WHAT IS EXPECTED:
Word for word, please copy the listing below, with its pictures left out.

SOURCE MATERIAL:
***
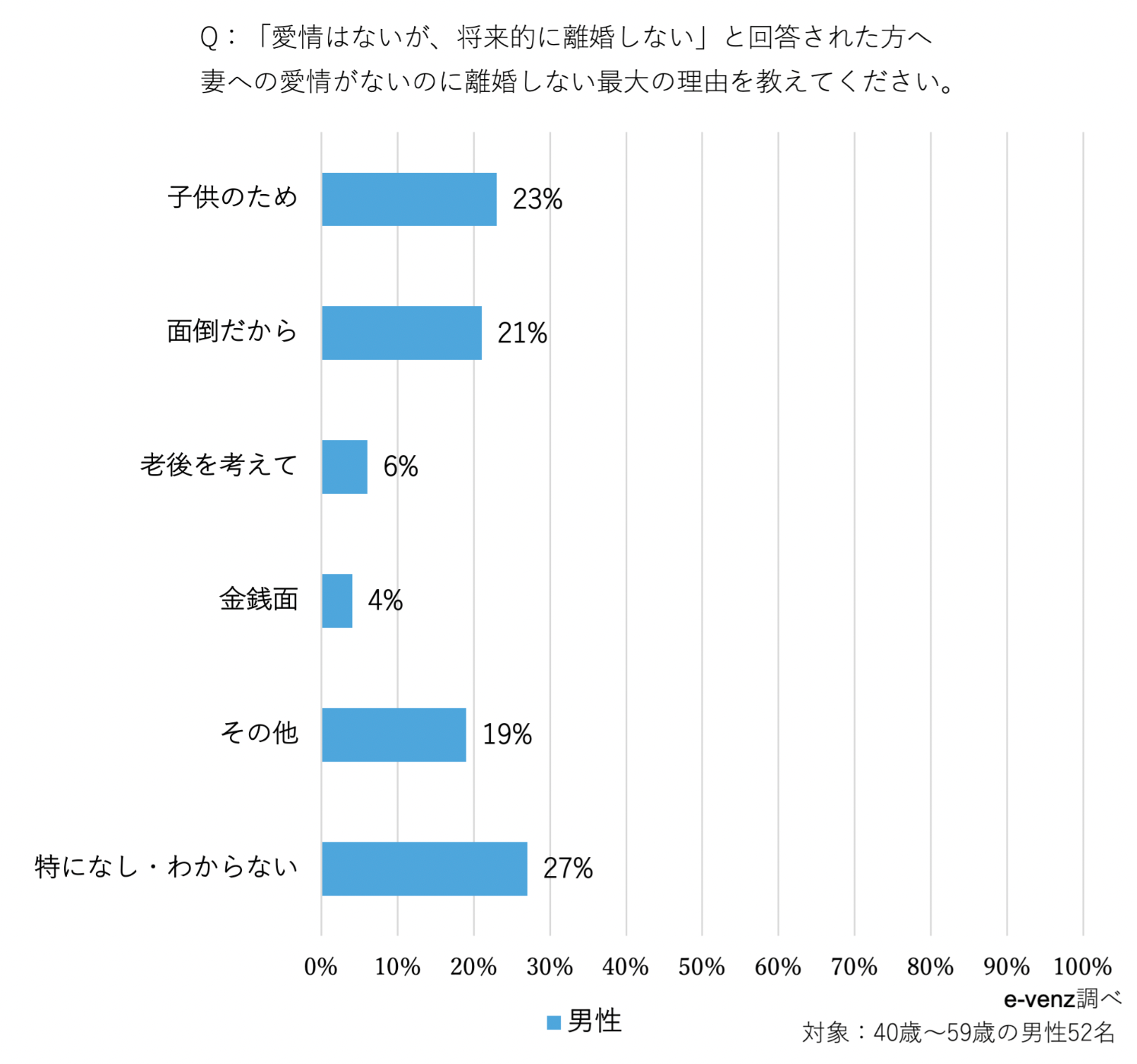 「愛情はないが、将来的に離婚しない」と回答した方に、妻への愛情がないのに離婚しない理由は何か調査してみました。
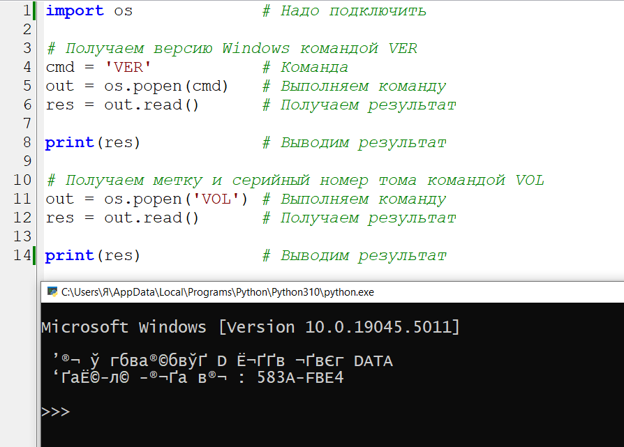 Также вы наверняка обратили внимание, что итог выполнения команды VER выведен читаемо, а вот команда VOL вернула нам кракозябры. Это связано с тем, что в Windows командная строка имеет кодировку CP1251, а Python работает в Юникоде. Команда VER возвращает только английские буквы, поэтому строка выводится правильно. А вот в результате работы команды VOL есть и русские буквы. Поэтому из-за разных кодировок вместо них выводятся кракозябры.
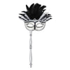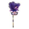 Feathered Mardi Gras Costume Mask with Stick - Bulk 12 Pack
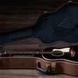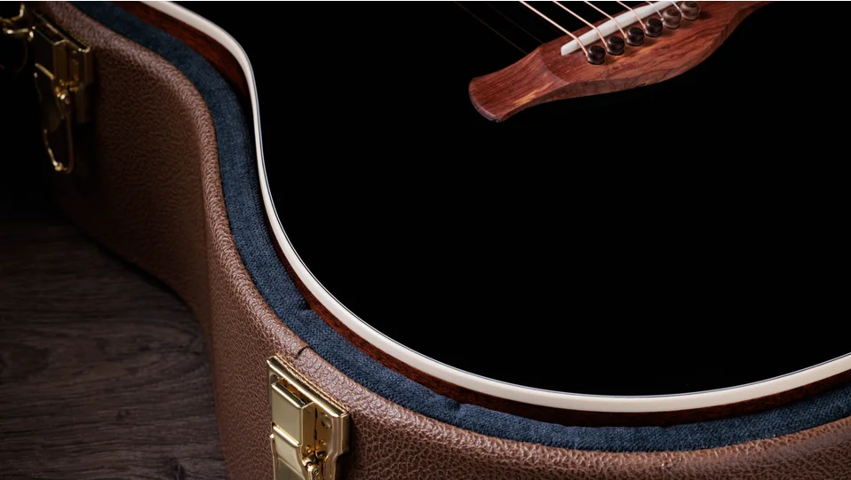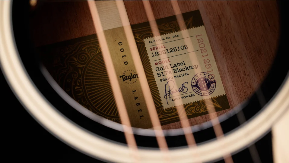 Showcasing the Gold Label Collection’s unique design details, this model features a modified headstock with an angled back cut and script-style Taylor logo inlay. Exuding the classic styling of mid-20th-century acoustics, it features a cream-colored pickguard with a distinct shape that contrasts stylishly with its blacktop finish. The appointment package also includes a Honduran rosewood Curve Wing bridge with Indian rosewood bridge pins, cream-colored Crest inlays on the fretboard and peghead, cream body binding, and a cream single-ring rosette. Outfitted with Taylor nickel tuners and LR Baggs Element VTC electronics, the Gold Label 517e ships in a British Cocoa deluxe hardshell case.
***
WRITTEN SOLUTION:
 「愛情はないが、将来的に離婚しない」と回答した方に、妻への愛情がないのに離婚しない理由は何か調査してみました。
 Также вы наверняка обратили внимание, что итог выполнения команды VER выведен читаемо, а вот команда VOL вернула нам кракозябры. Это связано с тем, что в Windows командная строка имеет кодировку CP1251, а Python работает в Юникоде. Команда VER возвращает только английские буквы, поэтому строка выводится правильно. А вот в результате работы команды VOL есть и русские буквы. Поэтому из-за разных кодировок вместо них выводятся кракозябры.
 Feathered Mardi Gras Costume Mask with Stick - Bulk 12 Pack
 Showcasing the Gold Label Collection’s unique design details, this model features a modified headstock with an angled back cut and script-style Taylor logo inlay. Exuding the classic styling of mid-20th-century acoustics, it features a cream-colored pickguard with a distinct shape that contrasts stylishly with its blacktop finish. The appointment package also includes a Honduran rosewood Curve Wing bridge with Indian rosewood bridge pins, cream-colored Crest inlays on the fretboard and peghead, cream body binding, and a cream single-ring rosette. Outfitted with Taylor nickel tuners and LR Baggs Element VTC electronics, the Gold Label 517e ships in a British Cocoa deluxe hardshell case.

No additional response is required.